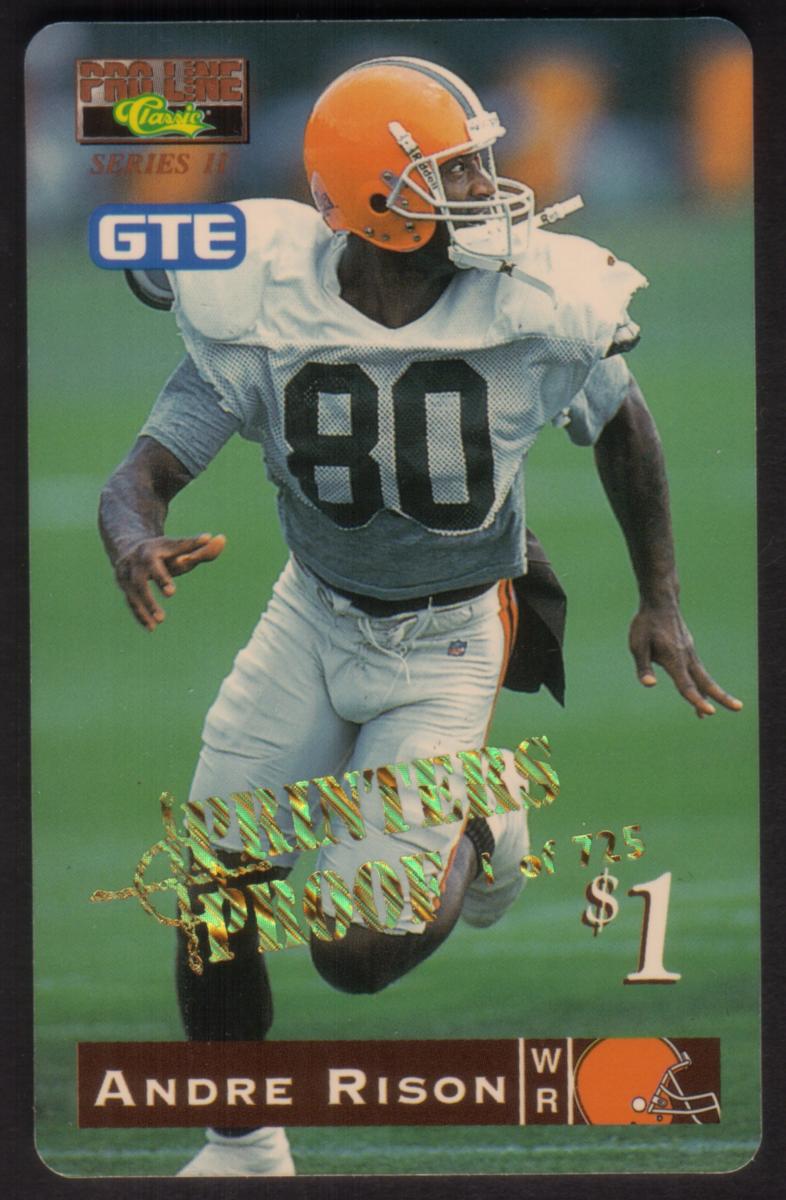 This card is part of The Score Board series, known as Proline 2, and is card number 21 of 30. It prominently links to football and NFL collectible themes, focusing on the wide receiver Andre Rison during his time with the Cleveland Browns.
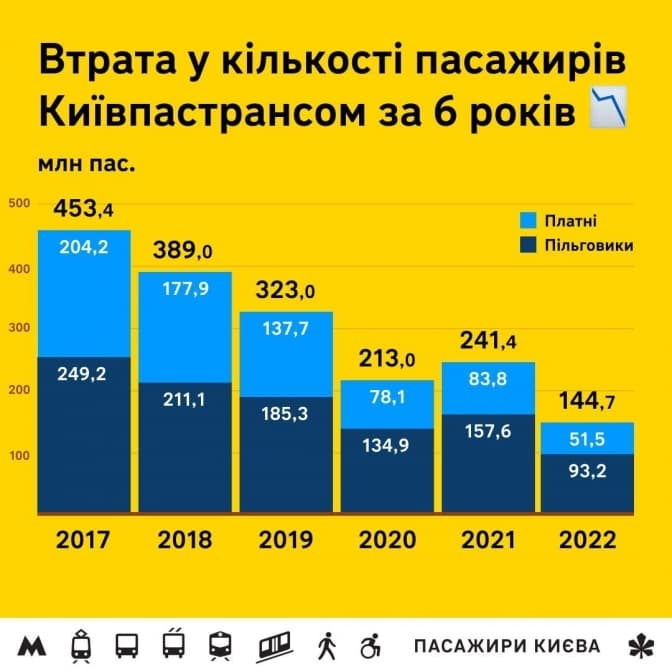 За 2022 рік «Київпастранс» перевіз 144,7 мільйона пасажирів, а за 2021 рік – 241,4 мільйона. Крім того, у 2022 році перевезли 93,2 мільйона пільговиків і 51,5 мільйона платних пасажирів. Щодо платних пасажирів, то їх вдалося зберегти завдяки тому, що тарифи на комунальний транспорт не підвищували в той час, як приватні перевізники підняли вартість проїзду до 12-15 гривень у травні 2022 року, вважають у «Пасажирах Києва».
---
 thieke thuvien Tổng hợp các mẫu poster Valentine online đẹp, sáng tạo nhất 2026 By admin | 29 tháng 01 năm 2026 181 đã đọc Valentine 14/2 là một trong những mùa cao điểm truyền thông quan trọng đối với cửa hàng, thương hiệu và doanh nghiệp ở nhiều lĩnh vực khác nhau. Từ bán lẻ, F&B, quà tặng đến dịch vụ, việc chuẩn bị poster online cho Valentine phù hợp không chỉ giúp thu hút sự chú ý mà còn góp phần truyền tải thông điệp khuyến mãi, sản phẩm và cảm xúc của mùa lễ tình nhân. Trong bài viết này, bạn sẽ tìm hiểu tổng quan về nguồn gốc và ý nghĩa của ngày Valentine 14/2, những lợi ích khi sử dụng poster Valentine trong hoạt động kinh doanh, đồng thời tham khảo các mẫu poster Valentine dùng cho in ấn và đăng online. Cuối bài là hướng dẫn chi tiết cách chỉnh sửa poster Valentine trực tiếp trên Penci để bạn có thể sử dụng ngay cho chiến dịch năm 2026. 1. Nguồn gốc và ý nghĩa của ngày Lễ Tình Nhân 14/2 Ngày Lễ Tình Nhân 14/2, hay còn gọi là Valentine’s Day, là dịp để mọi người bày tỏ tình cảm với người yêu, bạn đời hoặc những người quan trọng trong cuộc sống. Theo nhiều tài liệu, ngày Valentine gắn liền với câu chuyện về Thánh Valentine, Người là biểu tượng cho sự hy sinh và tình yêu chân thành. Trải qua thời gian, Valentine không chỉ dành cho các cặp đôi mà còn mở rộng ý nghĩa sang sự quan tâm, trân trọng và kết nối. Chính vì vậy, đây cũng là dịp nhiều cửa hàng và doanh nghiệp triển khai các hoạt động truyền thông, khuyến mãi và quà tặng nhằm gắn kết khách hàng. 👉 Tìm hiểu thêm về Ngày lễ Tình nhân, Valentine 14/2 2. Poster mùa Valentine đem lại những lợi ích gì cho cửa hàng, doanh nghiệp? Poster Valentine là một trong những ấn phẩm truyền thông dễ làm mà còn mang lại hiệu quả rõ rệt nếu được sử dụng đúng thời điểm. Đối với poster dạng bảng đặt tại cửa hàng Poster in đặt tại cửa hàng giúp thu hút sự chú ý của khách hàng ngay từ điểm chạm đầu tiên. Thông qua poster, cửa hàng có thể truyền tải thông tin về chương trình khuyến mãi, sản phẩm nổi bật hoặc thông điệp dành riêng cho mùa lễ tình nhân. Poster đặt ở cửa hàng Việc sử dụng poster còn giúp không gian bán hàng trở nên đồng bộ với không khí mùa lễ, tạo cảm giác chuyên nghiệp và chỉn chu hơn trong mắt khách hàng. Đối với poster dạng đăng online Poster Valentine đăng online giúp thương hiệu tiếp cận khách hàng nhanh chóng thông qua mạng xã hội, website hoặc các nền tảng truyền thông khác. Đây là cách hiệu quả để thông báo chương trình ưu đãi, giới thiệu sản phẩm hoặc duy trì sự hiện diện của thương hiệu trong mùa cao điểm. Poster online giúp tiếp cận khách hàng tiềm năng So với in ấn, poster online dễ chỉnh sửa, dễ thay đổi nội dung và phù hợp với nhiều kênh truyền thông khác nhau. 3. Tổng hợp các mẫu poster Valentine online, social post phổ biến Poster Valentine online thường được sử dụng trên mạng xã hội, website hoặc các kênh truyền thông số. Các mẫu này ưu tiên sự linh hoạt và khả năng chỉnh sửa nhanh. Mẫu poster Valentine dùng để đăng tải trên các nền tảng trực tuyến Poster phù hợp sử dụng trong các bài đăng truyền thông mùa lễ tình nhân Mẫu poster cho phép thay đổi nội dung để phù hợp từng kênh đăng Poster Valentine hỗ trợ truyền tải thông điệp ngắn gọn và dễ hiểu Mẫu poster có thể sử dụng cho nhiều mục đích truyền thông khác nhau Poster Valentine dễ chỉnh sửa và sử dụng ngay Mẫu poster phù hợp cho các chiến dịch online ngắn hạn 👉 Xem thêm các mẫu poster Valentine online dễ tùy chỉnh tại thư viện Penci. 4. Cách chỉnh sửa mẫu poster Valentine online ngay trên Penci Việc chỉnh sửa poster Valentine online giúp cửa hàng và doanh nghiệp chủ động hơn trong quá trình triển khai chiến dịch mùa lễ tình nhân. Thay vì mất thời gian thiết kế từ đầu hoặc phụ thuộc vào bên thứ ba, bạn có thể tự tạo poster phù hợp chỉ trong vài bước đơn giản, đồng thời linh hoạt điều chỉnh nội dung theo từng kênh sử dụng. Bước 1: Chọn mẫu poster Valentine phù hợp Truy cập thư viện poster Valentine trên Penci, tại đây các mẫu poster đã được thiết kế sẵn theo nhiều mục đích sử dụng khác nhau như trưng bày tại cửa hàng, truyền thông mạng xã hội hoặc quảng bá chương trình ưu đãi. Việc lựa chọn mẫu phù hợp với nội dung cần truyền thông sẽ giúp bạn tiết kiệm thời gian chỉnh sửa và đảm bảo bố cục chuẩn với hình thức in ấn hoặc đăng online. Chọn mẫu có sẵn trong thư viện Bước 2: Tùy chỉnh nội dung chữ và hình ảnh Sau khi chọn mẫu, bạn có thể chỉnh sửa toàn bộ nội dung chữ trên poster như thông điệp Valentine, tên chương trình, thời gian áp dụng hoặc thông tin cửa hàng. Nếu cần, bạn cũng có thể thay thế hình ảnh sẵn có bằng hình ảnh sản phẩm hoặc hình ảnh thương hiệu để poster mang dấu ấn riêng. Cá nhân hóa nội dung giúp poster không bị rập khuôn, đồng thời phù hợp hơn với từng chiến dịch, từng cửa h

• [Task instructions]: Using the entries above, transcribe every line from the line containing "This card is" through the line containing "За 2022 рік". Do not copy pictures.

• [Exercise output]:
 This card is part of The Score Board series, known as Proline 2, and is card number 21 of 30. It prominently links to football and NFL collectible themes, focusing on the wide receiver Andre Rison during his time with the Cleveland Browns.
 За 2022 рік «Київпастранс» перевіз 144,7 мільйона пасажирів, а за 2021 рік – 241,4 мільйона. Крім того, у 2022 році перевезли 93,2 мільйона пільговиків і 51,5 мільйона платних пасажирів. Щодо платних пасажирів, то їх вдалося зберегти завдяки тому, що тарифи на комунальний транспорт не підвищували в той час, як приватні перевізники підняли вартість проїзду до 12-15 гривень у травні 2022 року, вважають у «Пасажирах Києва».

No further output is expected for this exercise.